时间:2025-08-04 08:35:26  作者:柿子竹
  怎么就变成这样了呢。
  “怎么就变成这样了呢?”胡年穿着厚重的棉服,根本来不及打扮,他穿的完全是随手抓起来的几件衣裳,长的套短的,大的套小的,活像个拾荒的。胡年焦躁地抓着头发,忍不住左右踟蹰,嘴里一句接着一句地嘟囔道:“你不是说一切都挺好的吗?怎么就突然这样了?你按照我说的来做了吗?”
  顾予岑却只是蹲在楼梯口,用手撑着脑袋,低垂着眼,叫人看不清表情,倘若不是医院禁止吸烟,此刻他脚边肯定堆满了大大小小的烟蒂。
  胡年想不通,怎么好好的,人就突然自杀了。他根本停不下来踟蹰的脚步,一旦停下来,看向顾予岑的背影,他就开始觉得压抑。
  现在的顾予岑让他觉得,楚松砚根本就没有救回来的可能。
  抢救的时间过的如此漫长。
  “这帮破媒体狗仔,早不来晚不来,现在都这种紧要关头,一个个都蹲在外面准备捡尸体呢?”胡年破口大骂道:“全都是他妈的傻逼,能不能滚远点儿啊。”
  “…..你出去跟他们说啊?”顾予岑的声音哑得可怕,嗓音极低,却让人无法忽视:“你在这儿骂他们能听见吗?还有,捡谁的尸体?你的?”
  胡年也意识到自己说错了话,当即停下,说:“不是,我不是这个… ..”
  顾予岑对他摆摆手,“出去,让我自己待会儿。”
  胡年不敢说话,直接就出去了。
  防盗门打开,走廊里冷白色灯光挤进来,但几秒后,便消失的一干二净。
  楼道里彻底重归黑暗,鸦雀无声的环境显得鼻息间的消毒水味如此明显、浓重,就像是直接将顾予岑这个人扔进了装满消毒水的瓶子里。

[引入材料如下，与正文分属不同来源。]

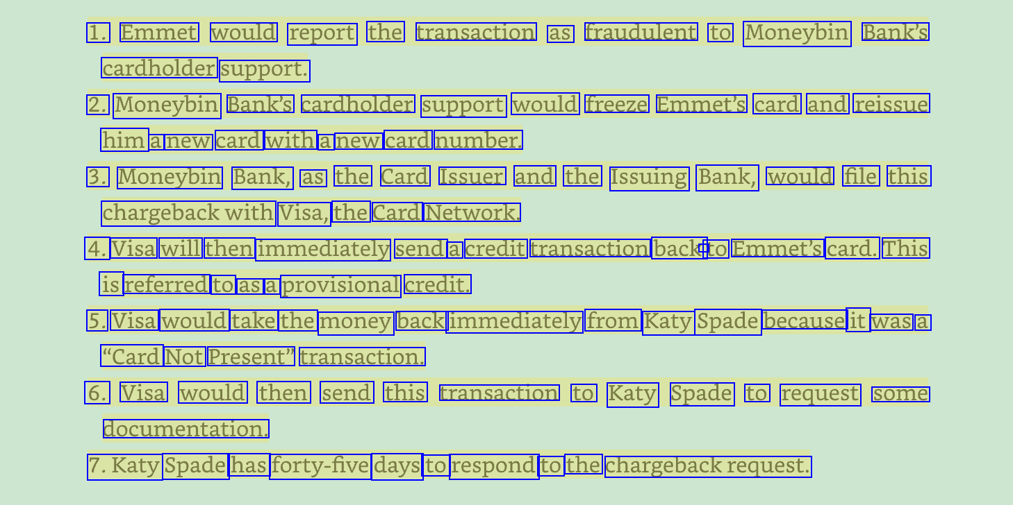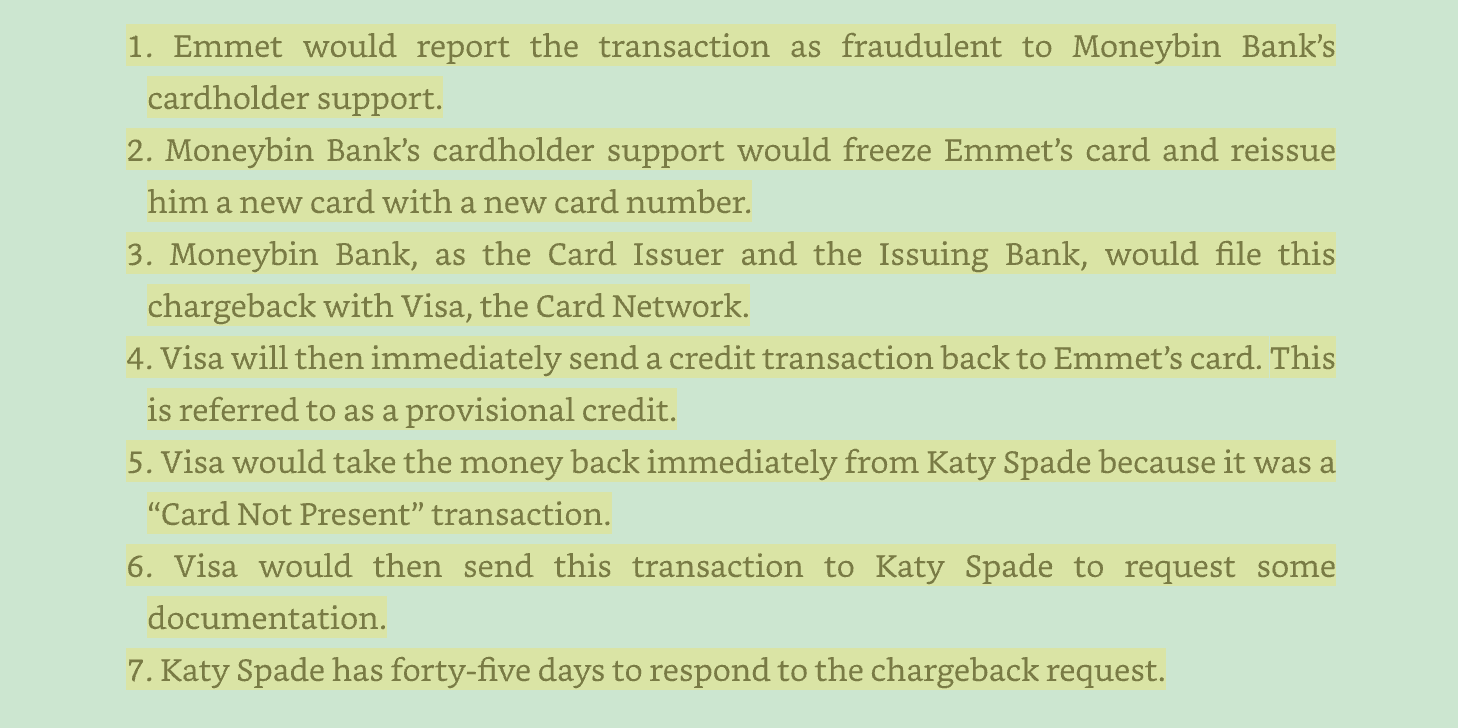 1. Emmet would report the transaction as fraudulent to Moneybin Bank's cardholder support. 2. Moneybin Bank's cardholder support would freeze Emmet's card and reissue him a new card with a new card number. 3. Moneybin Bank, as the Card Issuer and the Issuing Bank, would file this chargebackwith Visa, the Card Network. 4. Visa will then immediately send a credit transaction back - to Emmet's card. This is referred to as a provisional credit. 5. Visa would take the money back immediately from Katy Spade because it was a "Card Not Present" transaction. 6. Visa would then send this transaction to Katy Spade to request some documentation. 7.Katy Spade has forty-five days to respond to the chargebackrequest.

  但消毒水味扑上来后,一股挥之不散的血腥味再次席卷而来。
  顾予岑的身上沾满了血,包括他的掌心里都全是已经干涸的血液。
  顾予岑已经忘了上一次楚松砚自杀被林庚带走后,他都干了什么,但这次,他记起来了。
  他下楼买的一袋子水果滚落到地上,滚进血泊里,表面都沾满了属于楚松砚的血液,原本便熟透的苹果愈发得红,仿佛已经成了白雪公主童话里的毒苹果,红得直让人慎得慌,看见它就忍不住全身发颤。
  而顾予岑就像是被女巫蛊惑的白雪公主,他捡起了在血泊正中央的刀子,用那把刀削干净了苹果表面的皮。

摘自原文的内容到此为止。